Провансальский триптих - [112]
Необычен и авторский голос, звучащий со страниц трилогии. Адам Водницкий — внимательный наблюдатель, который не только многое замечает и много знает, но еще и увлекательно обо всем рассказывает. Конечно, в силу национальной принадлежности, биографии, профессии, увлечений, он неотделим от своих историй, но никогда не заслоняет собой того, о чем говорит. Своей подписью он удостоверяет правдивость текста, а хозяйничать в нем себе не позволяет. Рассказ свой ведет спокойно, неторопливо, негромко. Каденция фраз размеренная (отзвуки школьной латыни?), отмеченная какой-то старинной изысканностью. За безумствами истории автор наблюдает отстраненно (возможно, учитывая уроки кавафисовской сдержанности). С читателем не фамильярничает, не пустословит; предметен и точен — как в описаниях растений, насекомых и птиц, так и в переводах стихов.

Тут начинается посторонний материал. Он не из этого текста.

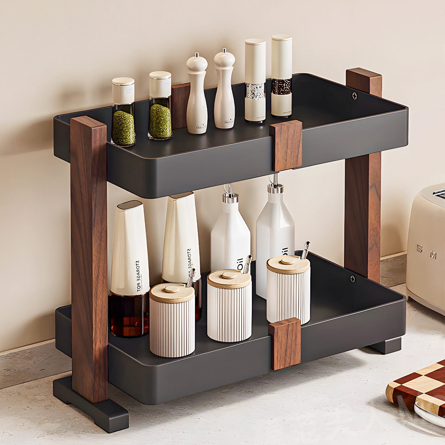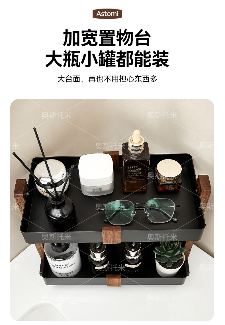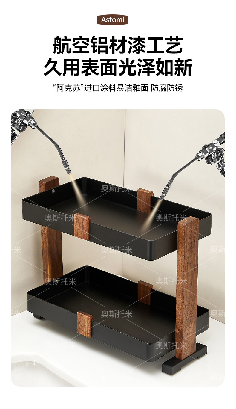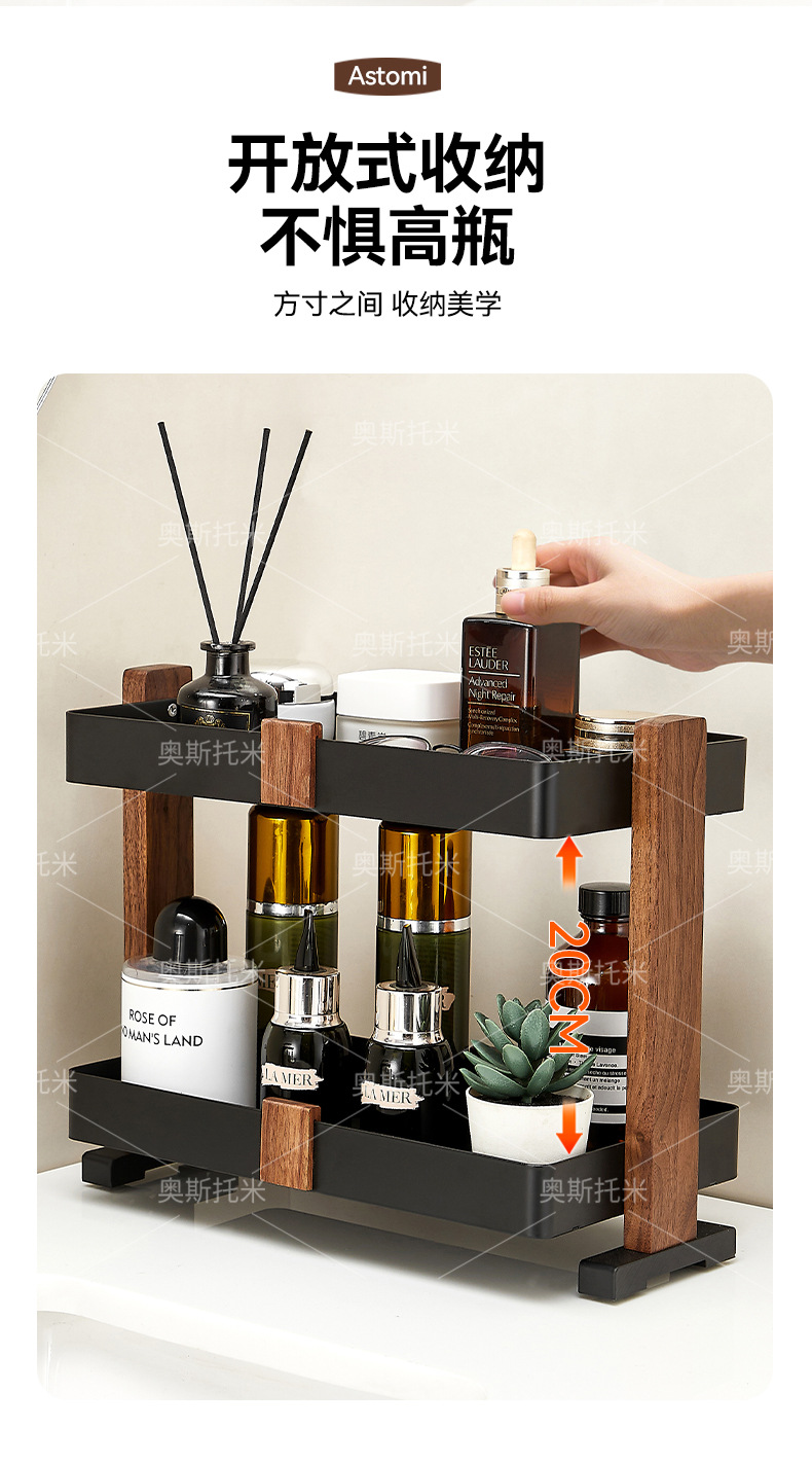 实木铁艺桌面双层收纳架调味架浴室化妆品多层置物架厨房台面收纳

От провансальского китча, которым забиты полки книжных магазинов, от всей этой скучной и предсказуемой макулатуры цвета лаванды трилогию Водницкого отличает своеобразный способ постижения автором мира, о котором ведется рассказ. Что же это за способ? Скажем коротко: о чем бы Адам Водницкий ни писал — о земле, воде, растениях, небе, животных, людях, камнях, — его перо превращает описываемый «объект» в многослойный символ. Действительность, открывающаяся глазу эссеиста, показана будто в геологическом разрезе. Далекое от краеведческих стандартов повествование в конце концов становится герменевтикой символов природы и культуры. Да, именно герменевтикой, ибо Водницкий — и это очевидно — преобразовывает места, людей и события в многозначные символы, в семиофоры, обладающие особой силой воздействия. Отвечает символом на символ, да еще и вовлекает нас, читателей, в свои рефлексии.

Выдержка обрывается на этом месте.